ATO data matching programs
The ATO has announced that it will be
undertaking the following two data matching
programs.
Ride Sourcing data matching program
The Ride Sourcing data matching program has been
developed to address the compliance risk of the
registration, lodgment and reporting of businesses
offering ride sourcing services as a driver.
Editor: 'Ride sourcing' = Uber (basically).
It is estimated that up to 74,000 individuals ('ride
sourcing drivers') offer, or have offered, this service.
The ATO will request details of all payments made
to ride sourcing providers from accounts held by a
ride sourcing facilitator's financial institution for the
2016/17 and 2017/18 financial years, and match
the data provided against their records.
This will identify ride sourcing drivers that may not
be meeting their registration, reporting, lodgment
and/or payment obligations.
Where the ATO is unable to match a driver's
details against ATO records, it will obtain further
information from the financial institution where the
driver's account is held.
ATO Data matching programs
Credit and debit card and online selling
data matching program
The ATO is collecting new data from financial
institutions and online selling sites as part of its
credit and debit cards and online selling datamatching
programs, specifically:
- the total credit and debit card payments received by businesses; and
- information on online sellers who have sold at least $12,000 worth of goods or services.
The ATO will be matching this data with information it has from income tax returns, activity statements and other ATO records to identify businesses that may not be reporting all their income or meeting their registration, lodgment or payment obligations.
Can a UPE be written off and claimed as a bad debt?
Editor: A 'UPE' (or 'unpaid present entitlement')
arises where a trust makes a beneficiary entitled to
an amount of the trust's income (and therefore the
beneficiary may have to pay tax on their share of the
trust's taxable income that year), but that amount
has not been physically paid to the beneficiary.
If the beneficiary never receives payment from the
trust, they may want to write their entitlement off
as a bad debt, and claim a tax deduction.
The ATO has released a Taxation Determination
explaining their view that there is no ability to claim
a ‘bad debt’ deduction where a beneficiary of a
trust writes off as a bad debt an amount of a UPE.
This is because of the technical wording of the tax
legislation regarding claiming deductions for 'bad
debts', which requires the debt (e.g., the UPE) to
have been previously included in the beneficiary's
taxable income – however, a beneficiary is not taxed
on the UPE itself. Instead, the amount of the UPE
is used to calculate the amount to include in their
assessable income (and this may be different to
the actual amount of the UPE).
Example
Archie Pty Ltd (‘Archie’) is a beneficiary of the Linus
Family Trust (‘Linus’), which rents out a property.

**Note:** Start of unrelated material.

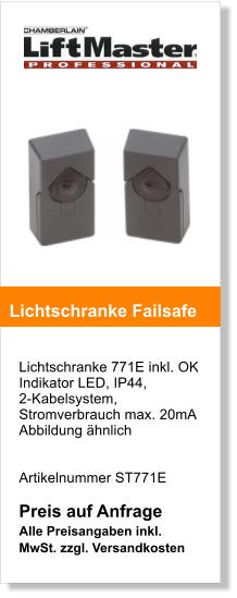 Lichtschranke inkl. LED Indikator, IP56, Spannung -6V; kompatibel mit CB3 & allen Liftmaster Garagentorantrieben,  Sender, Empfänger,  Artikelnummer ST770E  Preis auf Anfrage  Alle Preisangaben inkl. MwSt. zzgl. Versandkosten    Lichtschranke Failsafe Reflektionslichtschranke, Reichtweite ca. 8,00m, IP67 VU12-240V/DC bzw. 24-240V/AC, 1 Wechselkontakt Abbildung ähnlich     Artikelnummer BS126.05  Preis auf Anfrage  Alle Preisangaben inkl. MwSt. zzgl. Versandkosten    Reflektor Lichtschranke Warnleuchte orange,  24V / 10-15W, nur für getaktete Ausgänge ( ohne Blinkautoamtik) für Modell: G501, G402, D1000, S2000   Artikelnummer BS440.401  Preis auf Anfrage  Alle Preisangaben inkl. MwSt. zzgl. Versandkosten    Warn-u. Blinkleuchte Warnleuchte orange, 230V /15W, mit integrierter Blinkelektronik, nur für nicht getaktete Ausgänge, für Modell: G501, G402, D1000, S2000 Artikelnummer BS440.403  Preis auf Anfrage  Alle Preisangaben inkl. MwSt. zzgl. Versandkosten    Warn-u. Blinkleuchte Ampelmodul / Einbahnregelung zur Erweiterung ihres Bernal-Antriebes um eine Ampelanlage, z.B: Tiefgarage   Artikelnummer BS   Preis auf Anfrage  Alle Preisangaben inkl. MwSt. zzgl. Versandkosten    Ampelmodul Durchgangsleiste, 1000m Länge, EPDM, Profil 35x65mm auf C-Profil  Schiene 35x14mm Abbildung ähnlich    Artikelnummer BS123.100D  Preis auf Anfrage  Alle Preisangaben inkl. MwSt. zzgl. Versandkosten    Durchgangsleiste Signalübertragung 868 Sender, TBX, 1 Kanal, für 1 Schaltleiste 8,2Ohm oder Stop-Kontakt, 868 Mhz,  Reichweite ca. 10m , IP67   Artikelnummer BS160.660  Preis auf Anfrage  Alle Preisangaben inkl. MwSt. zzgl. Versandkosten    Signalübertragung Send Signalübertragung Empfänger, RU, 2 Kanal,  für bis zu 3 Sender, 868 Mhz, Reichweite max. ca. 10m, IP67, 12-24V/AC/DC   Artikelnummer BS160.661  Preis auf Anfrage  Alle Preisangaben inkl. MwSt. zzgl. Versandkosten    Signalübertragung Empf Signalampel grün oder rot, Linsendurchmesser 120mm schlagfestes Gehäuse IP65, inkl. Befestigungsbügel, Leuchtmittel nicht enthalten Abbildung ähnlich    Artikelnummer BS139.7  Preis auf Anfrage  Alle Preisangaben inkl. MwSt. zzgl. Versandkosten    Signalampel Codeschloss, 4 Kanal, 868,5 mHz; IP65, ähnl. RAL7012 basaltgrau, 9V Block Batterie      Artikelnummer BS161.45-S  Preis auf Anfrage  Alle Preisangaben inkl. MwSt. zzgl. Versandkosten    Funkcodeschloss Pico Codeschloss, 3+ 1 Kanal,868,5 mHz; IP54, ähnl. RAL7035 lichtgrau,Manipulationssichere Ausführung, 9V Block     Artikelnummer BS161.45  Preis auf Anfrage  Alle Preisangaben inkl. MwSt. zzgl. Versandkosten    Funkcody  Pico 868,5 Lichtschranke 771E inkl. OK Indikator LED, IP44, 2-Kabelsystem, Stromverbrauch max. 20mA Abbildung ähnlich    Artikelnummer ST771E  Preis auf Anfrage Alle Preisangaben inkl. MwSt. zzgl. Versandkosten    Lichtschranke Failsafe Lichtschranke 772E IP44, Reichweite ca. 15m,  2-Kabelsystem, kompatibel mit allen Dreh-Schiebetorsteuerungen und Garagentorantrieben   Artikelnummer ST772E  Preis auf Anfrage Alle Preisangaben inkl. MwSt. zzgl. Versandkosten    Lichtschranke Failsafe Vandalismusschutz für 772E/773E       Artikelnummer ST829  Preis auf Anfrage Alle Preisangaben inkl. MwSt. zzgl. Versandkosten    Vanalismusschutz Failsafe Infrarot Lichtschranken Kit für Liftmaster Garagentor- und Aussentorantriebe inkl. LED Indikator, Wandbeschlägen, Kabel   Artikelnummer ST771K  Preis auf Anfrage Alle Preisangaben inkl. MwSt. zzgl. Versandkosten    Lichtschranken Kit Endleiste m. Abschlusswiderstand 1000m Länge, EPDM; Profil 35x65mm auf C-Profil, Schiene 35x14mmAbbildung ähnlich  Artikelnummer BS123.100  Preis auf Anfrage  Alle Preisangaben inkl. MwSt. zzgl. Versandkosten    Kontakt / Endleiste Lichtschranke 773 Relais infrarot Lichtschranke IP44, Reichweite ca. 20m,  2-Kabelsystem,für CB11,CB22,CB400 inkl. LED Indikator   Artikelnummer ST773  Preis auf Anfrage Alle Preisangaben inkl. MwSt. zzgl. Versandkosten    Lichtschranke Relais Unser Shop dient als  Katalog.  Bei Bestellungen,  Fragen oder sonstiges  einfach anrufen oder  mailen   0 68 38 / 92 64 6 info@schober-torantriebe.com Torantriebe e.K.  SCHOBER

In the 2014 income year, Linus’s trust income
(made up of net rent) was $25,000, but its net
(taxable) income was actually $20,000 (thanks
to a 'capital works deduction' of $5,000).
Archie was made presently entitled to 100% of the
trust income (i.e., $25,000). As a result, it was also
assessed on 100% of the net (taxable) income of
the trust (i.e., $20,000).
The $25,000 was not paid to Archie (i.e., it was
recorded as a UPE) and was invested by Linus in
a related entity, but during the 2017 income year
it was clear the investment had failed and was
now worthless.
Archie was now well aware that Linus was no
longer in a position to satisfy the UPE and wrote
the $25,000 off as a bad debt.
Can Archie claim a deduction for the bad
debt?
No. While the debt is clearly bad and has been
written off as such, no part of Archie’s UPE (of
$25,000) was included in its assessable income.
Rather, Archie included its share of Linus’s net
(taxable) income of the trust (i.e., the $20,000) in
its assessable income.
Deductibility of expenditure on a commercial website
The ATO has released a public taxation ruling
covering the ATO’s views on the deductibility of
expenditure incurred in acquiring, developing,
maintaining or modifying a website for use in the
carrying on of a business.
Importantly, if the expenditure is incurred in
maintaining a website, it would be considered
'revenue' in nature, and therefore generally
deductible upfront.
This would be the case where the expenditure
relates to the preservation of the website, and
does not:
- alter the functionality of the website;
- improve the efficiency or function of the website; or
- extend the useful life of the website.
However, if the expenditure is incurred in acquiring or developing a commercial website for a new or existing business, or even in modifying an existing website, it would generally be considered capital in nature (in which case an outright deduction cannot be claimed).
Easier GST reporting for new small businesses
The ATO has notified taxpayers that, from 19
January 2017, newly registered small businesses
have the option to report less GST information on
their business activity statement (BAS).
Therefore, if you plan to register for GST after
receiving this Update, we can help you access the
reporting benefits of the simpler BAS early.
Editor: From 1 July 2017, small businesses
generally will only need to report GST on sales,
GST on purchases, and Total sales on their BAS.
Please Note: Many of the comments in this publication are general in nature and anyone intending to apply the information to practical circumstances should seek professional advice to independently verify their interpretation and the information’s applicability to their particular circumstances.